Dr. Robert Barkley practiced in the small town of Macomb, Illinois during the sixties. Dr. Bob Frazier, wrote in Lynn Carlisle’s blog (In A Spirit of Caring), in a wonderful 2003 biographical article that had Barkley lived (he died prematurely in a plane crash in 1977), he would have been as popular as any of today’s dental luminaries.

I had the opportunity to hear Barkley speak at my alma mater, The University of Penn Dental School in 1973. I became an immediate fan…and always remembered one story he told about a young high school girl who came to him for help during his early years of practice.

Barkley quoted the girl and her father a fee to save the girl’s teeth that was not affordable.

He lost track of the patient until a few years later when he saw her in a local Dairy Queen. He asked what had happened to her. To his utter shock and surprise, she told him that it was too expensive, so she went and had all her teeth extracted…

She now had full upper and lower dentures…she was barely twenty years old. He was so disheartened that he vowed never to quote a fee that was more than it would cost for dentures…if money was a barrier.

So that’s what I did for Audrey…I replaced the doomed bridge with a fixed bridge…for the cost of a flipper.
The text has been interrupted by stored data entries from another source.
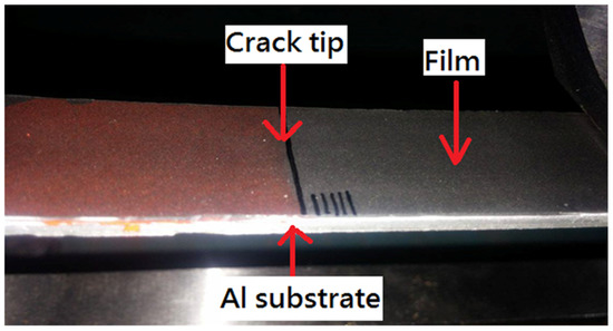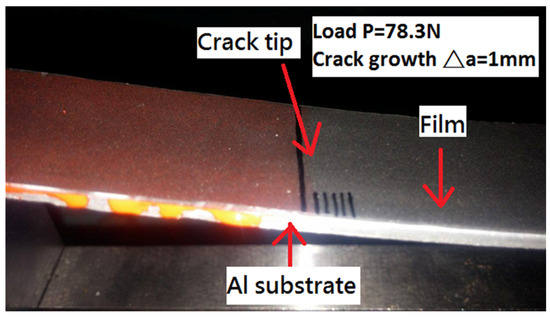 Since GNP-reinforced nanocomposite appears in a black color even at a very small amount of GNP, it is difficult to identify the crack tip. To resolve this problem, red ink was infiltrated into the interfacial crack region, as shown in Figure 6. The contrast in colors makes the detection of crack propagation easier. Figure 7 illustrates the initiation of the crack propagation at the critical load .
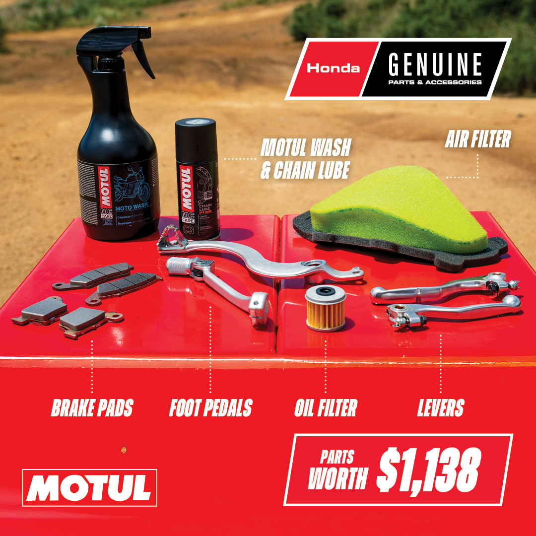 *Pit Pack value is based on the recommended retail price of the included items. Offer available on eligible new 2026 year model CRF450R and CRF450RX models purchased from participating Honda dealers. Limited time only, while stocks last. Offer not available in conjunction with any other offer. Pit Pack contents may vary if an item is unavailable. Standard pit pack includes: a Dirtbuster water blaster (BWDIRTBUSTER); Matrix MX bike stand (BWMXSTAND); Motul Motowash (BWMOTOWASH); Motul chain lube (BWCHAINLUBE); Genuine Honda front (45105MY6415) and rear brake pads (06435MKEAA1); Genuine Honda brake pedal (46510MKEA70); Genuine Honda shift pedal (24700MKEA00); Genuine Honda clutch lever (53180MKEAF1); Genuine Honda brake lever (53171MENJ01); Genuine Honda air filter (17213K95AG0); Genuine Honda oil filter (15412MEN671) and oil filter seal (91302K0G911).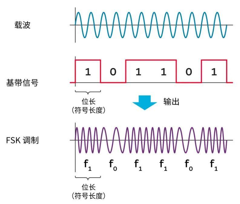 FSK(Frequency Shift Keying modulation),即频率偏移调制:该调制在基带信号为“1”时输出高频,在基带信号为“0”时输出低频。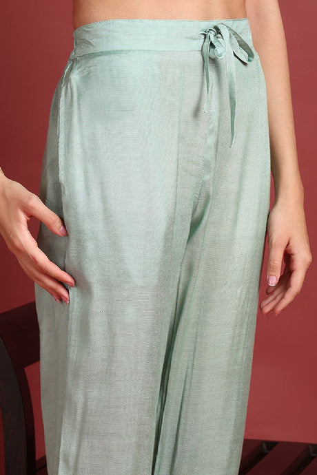 Green Embroidered Organza Palazzo Suit Set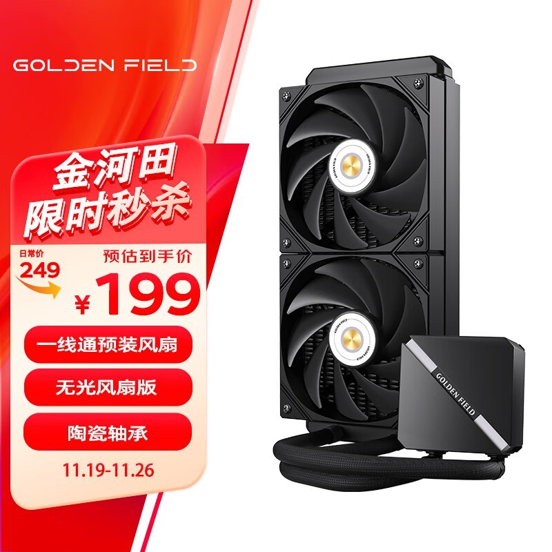 金河田 HIFI YJ240一体式CPU水冷散热器无光版 黑色 一线通预装风扇/支持多平台/陶瓷水泵/PWM温控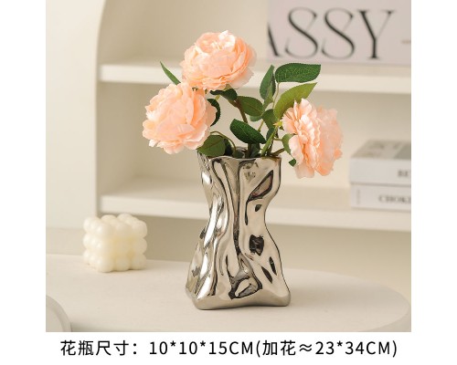 【銀色】褶皺花瓶+3香檳玫瑰 (NT507)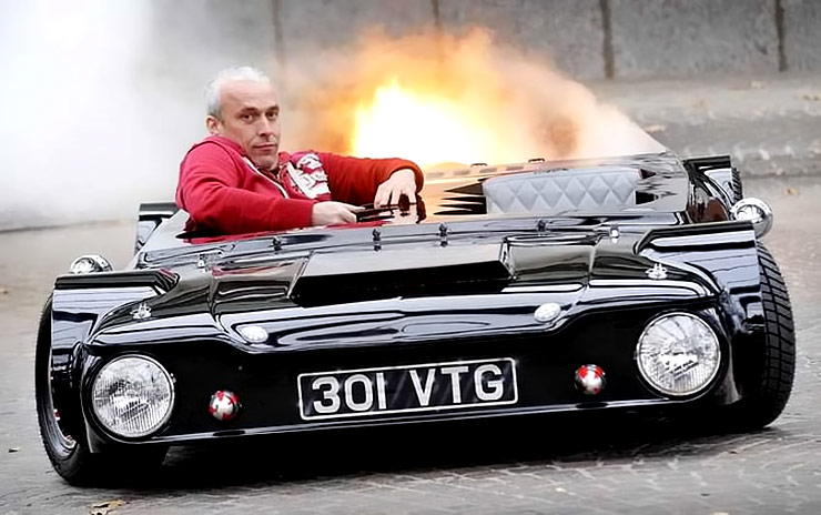 This car is very interesting, you will be surprised to know that the car is powered by a jet engine that shoots 20 foot flames out of the rear, how do you think? –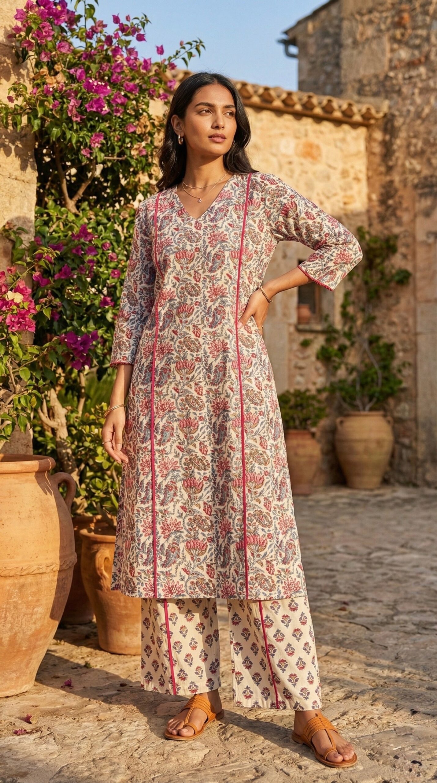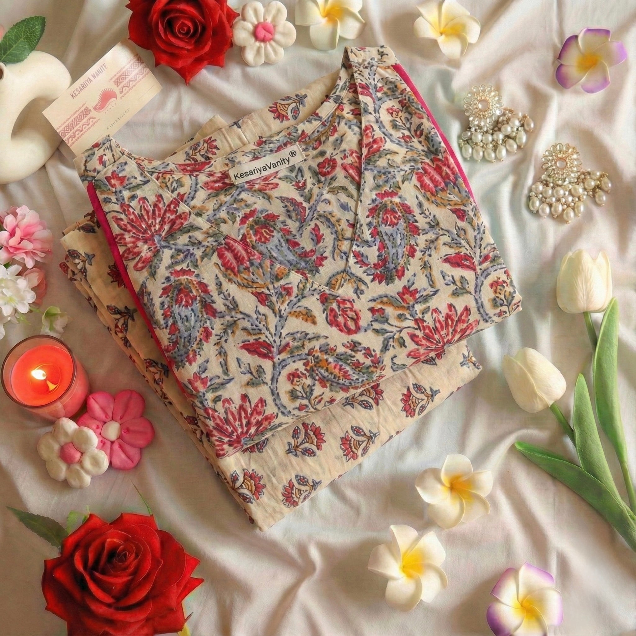 Elevate your everyday style with our Comforter Suit Set 3.0, featuring a stunning honey yellow A-line kurta with a flattering V-neck and sleeveless design. Adorned with delicate pink floral prints, this set effortlessly blends elegance with ease, making it a perfect choice for both office and casual outings.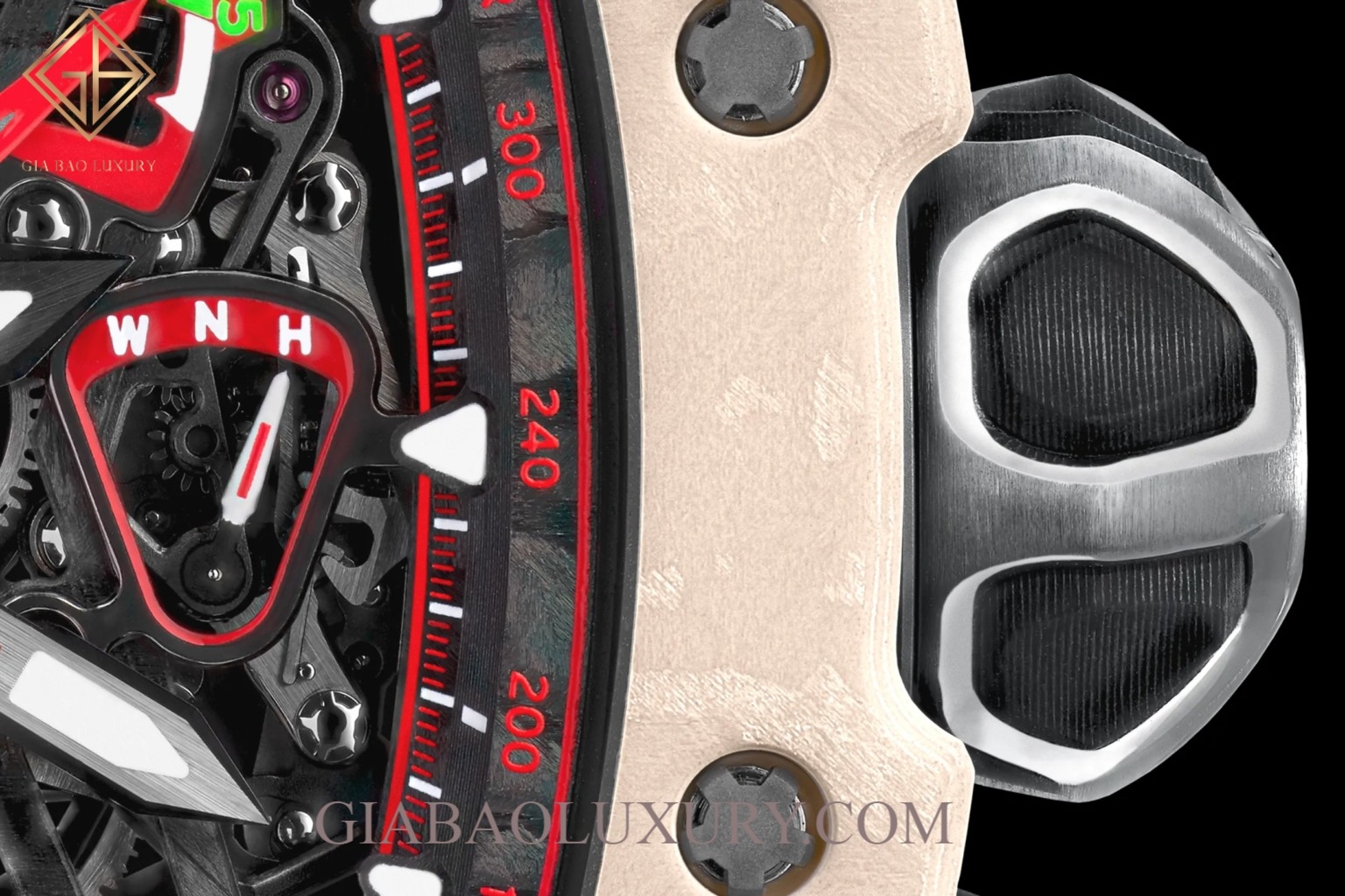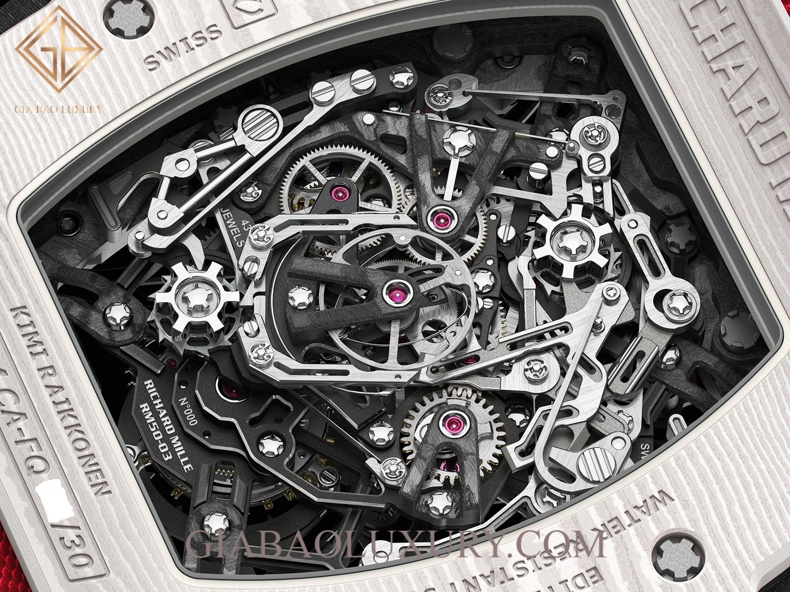 Việc phát triển các vật liệu này chính là nhờ sự kết hợp giữa Richard Mille với viện công nghệ North Thin Ply của Thụy Sĩ, cả 2 đã bắt tay hoàn thiện quy trình sản xuất phức tạp chỉ để sản xuất ra vật liệu thạch anh trắng của bộ vỏ mà chúng ta đã thấy. Quá trình này bao gồm việc sử dụng 600 lớp silicon (mỗi lớp silicon này chỉ dày 45 micron) và tẩm chúng trong một chất liệu đặc biệt trước khi được xử lý ở nhiệt độ 120 độ C. Chính vì thế, bộ vỏ này có trọng lượng siêu nhẹ, không gây dị ứng và chống tia UV. Ở bên cạnh sườn, bộ 3 núm chỉnh giờ được thiết kế cách điệu mà nếu như chúng ta để ý sẽ thấy nó rất giống chiếc C38 mà Kimi điều khiển trong cuộc đua.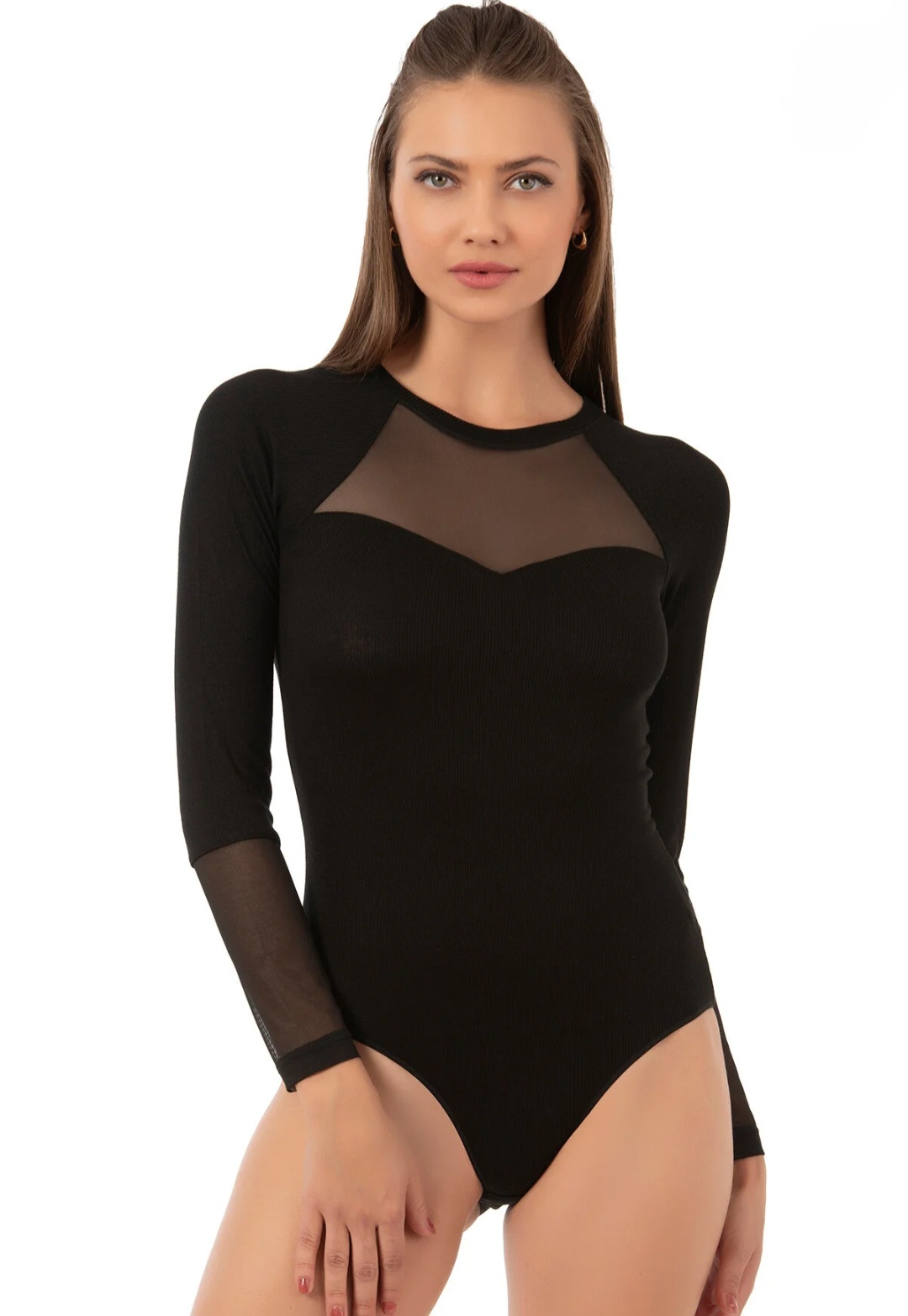 Дамско, елегантно боди с дълъг ръкав, полуполо– бикина. Комбинация от памук и тюл (мрежа).

And she needed installments to pay…

Really it was pro bono.

I have a coaching client who faced a similar situation recently. He too invoked the Barkley Rule. He replaced a twenty-year-old 6-unit bridge with an 8-unit bridge just so he could prevent his patient from going into a partial upper. He told me that his patient cried when he let her know.

Tom Brokaw once said:

“It’s easy to make a buck. It’s a lot tougher to make a difference.”

The long-term collateral benefits are too numerous too mention…can you think of any?